But I like it because it's kind of fun to use if you are a Python programmer, and you know how to handle Python. It feels so easy and so natural, to go through coding using PyTorch.
This is what I was trying to convey in the book, and first in the blog post. I actually had a good time learning PyTorch in the beginning, because, I don't know, it just feels natural.
Len: Thanks very much for sharing that. And of course we'll have links to the blog post that we mentioned, and everything else in here as well, so you can also get a sense of Daniel's conversational and fun, very fun style. Which you can also see in the About the Book description on the landing page on Leanpub for the book.
It's interesting that there's all these big players like Google and Facebook, making competing things - but that they're also releasing trained models or datasets to other people to use.
Probably most people who pay attention to some of this stuff in the press, will know about giving one of these models a set of pictures, some of which are cats. And then, what it does is it runs various algorithms, and learns to identify which images are cats. And so it can run some simulation, or some effort to identify what are cats.
And it can check against, "Well, how many of my guesses were correct, and how many were false?" And blah, blah. Then it can iterate, and it can get better.
But basically, what the algorithms are doing, is looking for correlations in the data - generally speaking, if I understand it correctly? I mean, I'm sure that's a big oversimplification.

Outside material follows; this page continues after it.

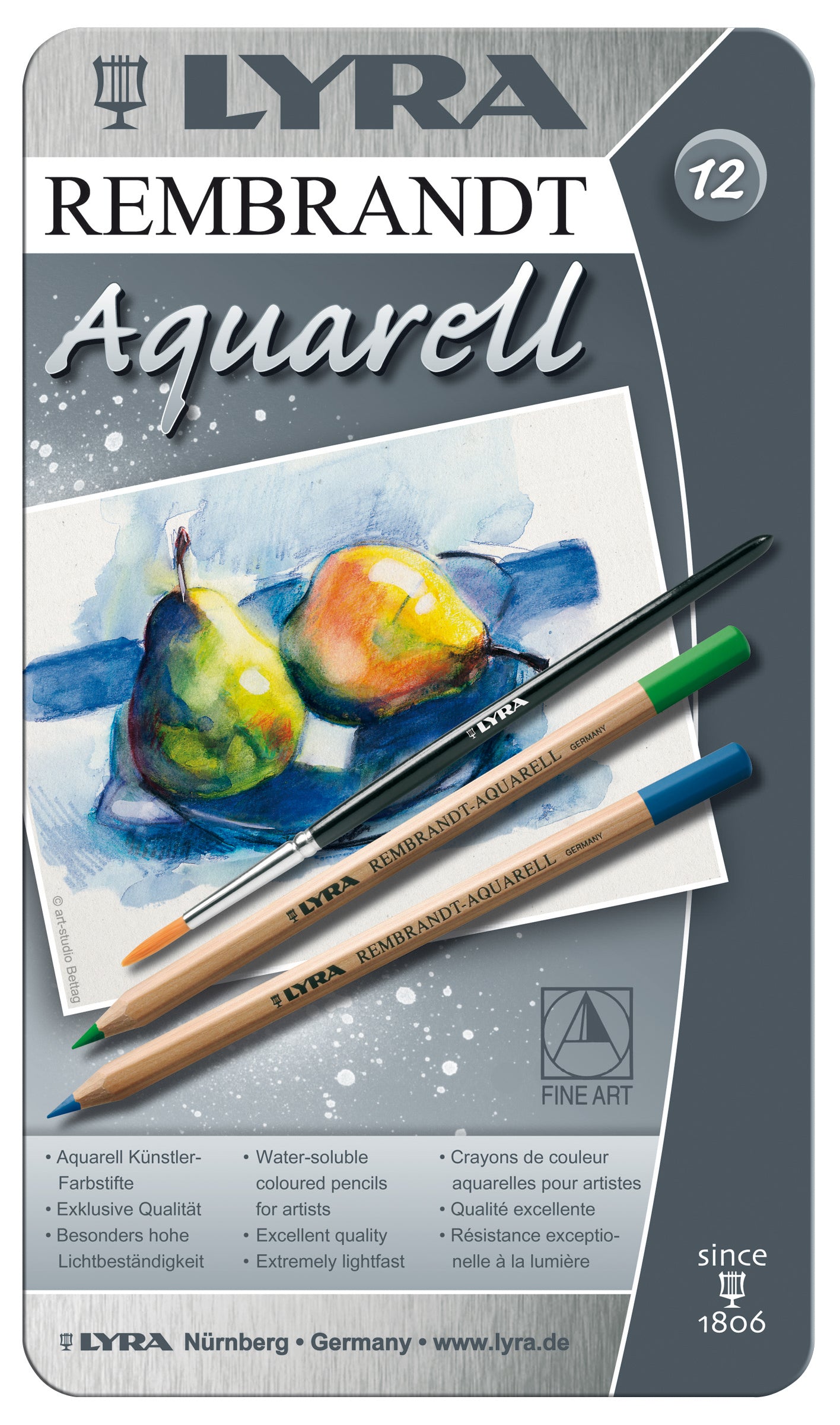 Une haute concentration de pigments rend les couleurs très résistantes à la lumière. Les lignes ou les surfaces peuvent se fondre partiellement ou totalement, avec un pinceau imbibé d'eau, pour créer de riches nuances. Mines de ø 4 mm. Dans un boîtier en métal.

Daniel: It's not so much as correlations, but I mean - this is tricky to explain, especially if you don't have a way to show people what's happening. But, well - basically what happens is you map - in this case, an image - right? Or the feature that you're using in the model. It will have a gigantic dimension in space, right? Because you have like two-dimensional, that we can see and plot nicely.
And if you have four-dimensional, where it just starts getting weird, and then - there is this joke that, "Okay, how do you imagine something in 14 dimensions? You just close your eyes, say '14' really loud - and then go." But that's silly.
Then when you talk about deep learning models, they have like millions and millions of parameters. That will be millions of dimensions. And that's impossible to visualize, or to even understand what's going on in a visual way.
But the idea is that all these instances, this image - let's say that you're doing cats happy or unhappy, like I was saying - what will happen is that the happy cats, they will be mapped into a region of these crazy dimensions in space. And the unhappy cats will be mapped to a different region.
Now, if you were saying this will be like three-dimensional, you have like a bowl, right? And then you see on the left side of your bowl, there are the happy cats. On right side of the bowl, there are the unhappy cats. And then maybe, if you've got a well-trained model and it's easy enough, you can cut the bowl in half - and you have happy cats on one side, unhappy on the other. That's an oversimplification, but the idea is that you're going to separate them. It's not so much about correlation, but about mapping into these dimensions, multi-dimensional spaces.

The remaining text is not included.